Mais, même choisi, le voile intégral se fourvoie. Le refus du risque d’uniformisation sociale conduit à porter un uniforme intégral – ce qui est très différent du fait de manifester son identité par tel ou tel signe – et, par ce fait même, on englobe sa personne dans une seule identité, on gomme ses autres caractéristiques personnelles, on efface son individualité.

Rappelons que le visage, dont plusieurs des personnes que vous avez auditionnées ont souligné l’importance, est une présentation de soi à autrui, une façon de conjuguer appartenance et identité, relation aux autres et individualité.

Mais le port du voile n’est pas la seule dérive menaçant le rapport aux autres. L’addiction au virtuel peut être considérée de façon assez analogue, comme d’ailleurs l’hypertrophie des racines qui permet une séparation symbolique avec d’autres peuples.

Par ailleurs, le souci de la pureté se manifeste aujourd’hui de façon multiple, par diverses croyances, religieuses ou non. Une certaine façon de mettre en avant la laïcité participe même de cette attitude. Et le refus de reconnaître aux femmes le même rôle dans la société qu’aux hommes donne lieu, vous le savez, à de nombreuses stratégies, souvent implicites et subtiles – et d’autant plus efficaces.

La recherche souvent exacerbée de l’identité, le désir parfois quasi obsessionnel de purification sont des réponses aux difficultés rencontrées dans la société qui aboutissent à des impasses, voire à des caricatures de ce que l’on prétend combattre. En ce sens, ce sont de fausses réponses. Le voile intégral en est un cas particulièrement visible, mais très minoritaire.

Face à cette pratique, on invoque régulièrement la laïcité. Or les exigences de laïcité sont très différentes selon les secteurs de la société. Permettez-moi ici quelques rappels qui, directement ou indirectement, concernent votre sujet.
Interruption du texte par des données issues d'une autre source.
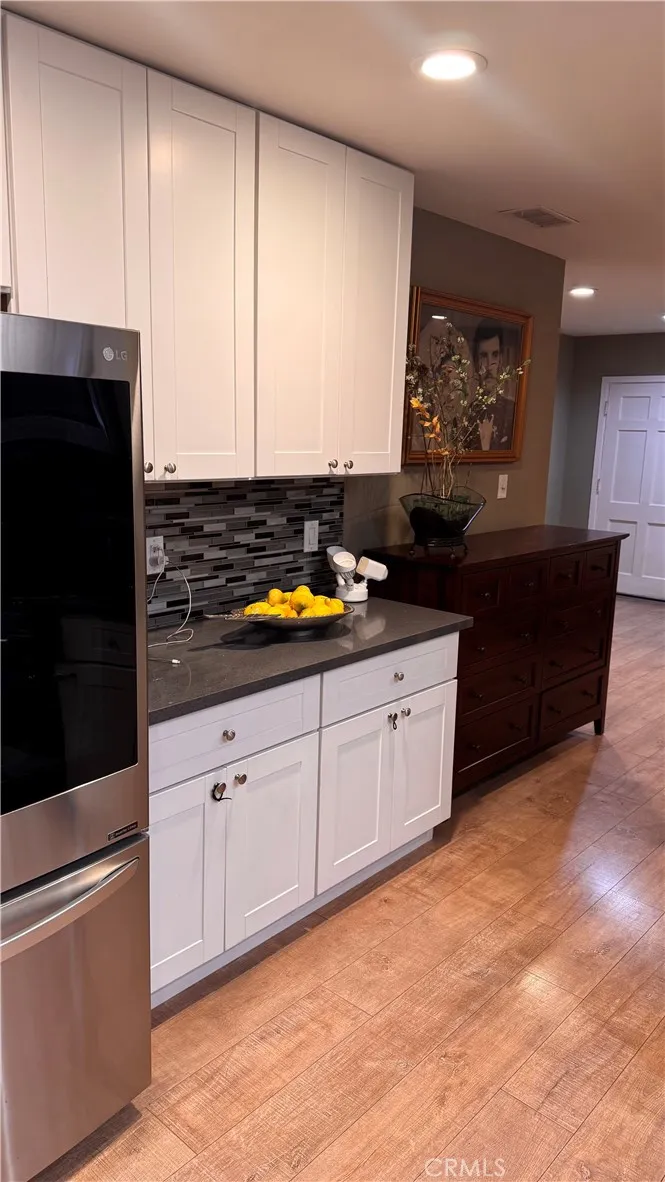 Fully Remodeled 2 Bed / 1 Bath Move-In Ready! This beautifully reimagined home showcases refined modern finishes throughout, including a designer kitchen with white shaker cabinetry, sleek quartz countertops, mosaic backsplash, stainless steel appliances, and recessed LED lighting. The spa-inspired bath features custom tilework, a quartz-topped vanity, oversized mirror, and rain shower. Upgrades include new dual-pane windows, a new roof, fresh paint, premium flooring, and solid core doors. Enjoy whole-house audio extending to a spacious covered patio, ideal for entertaining. The property also offers a large garage with 220V subpanel, expansive RV parking, and professionally landscaped grounds with automatic sprinklersan exceptional, turnkey offering.
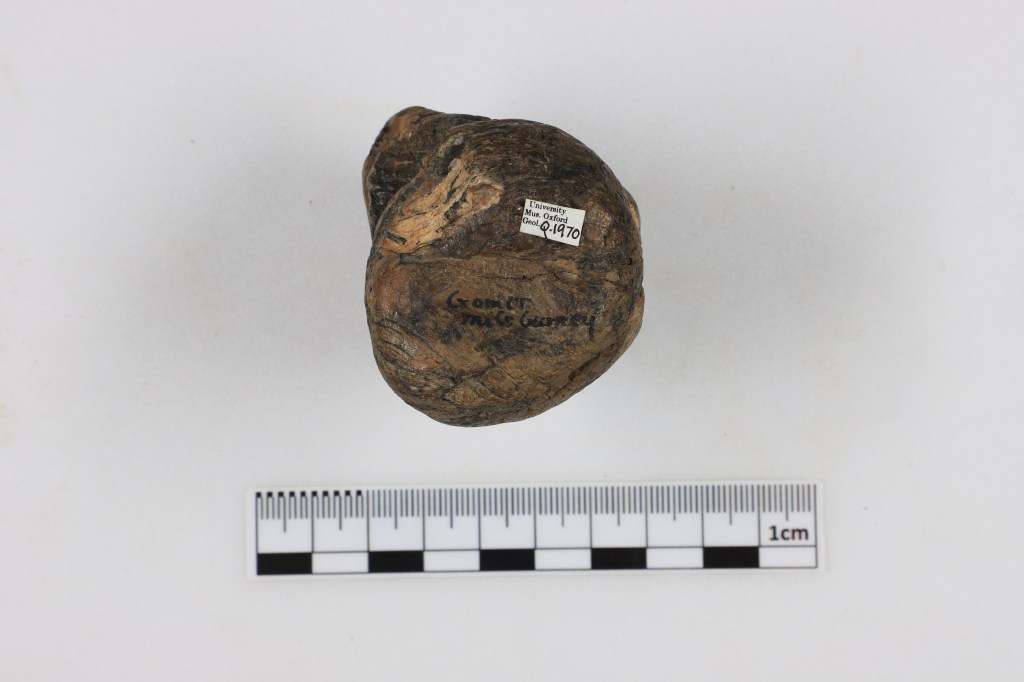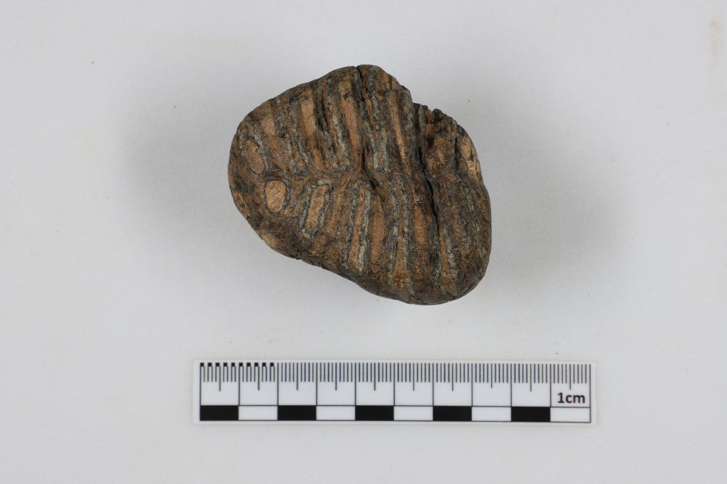 Milk molar from a mammal from the Pleistocene, possibly Archidiskodon meridionalis (Nesti 1825). Collected in Cromer, Norfolk by Miss Gurney. Donated by Miss Gurney.

La première et la plus forte exigence de laïcité concerne la République elle-même, qui doit être indépendante des religions et des convictions philosophiques ou politiques, n’en officialiser aucune, assurer la liberté de conscience et l’égalité dans l’exercice du culte. L’application de ces principes est toutefois sujette en France à certaines dérogations. Ainsi, en Alsace-Moselle, malgré l’article 2 de la loi de 1905, trois cultes sont « reconnus », tandis qu’un seul – le catholicisme – l’est en Guyane. Les lois de séparation elles-mêmes, votées de 1905 à 1908, prévoient une mise en pratique accommodante puisqu’elles autorisent la mise à disposition gratuite et l’entretien des édifices cultuels existant alors mais l’islam n’était pas présent dans l’Hexagone… Et, sans intention discriminatrice, la République peine, malgré certains progrès, à réaliser l’égalité entre religions, au détriment de l’islam.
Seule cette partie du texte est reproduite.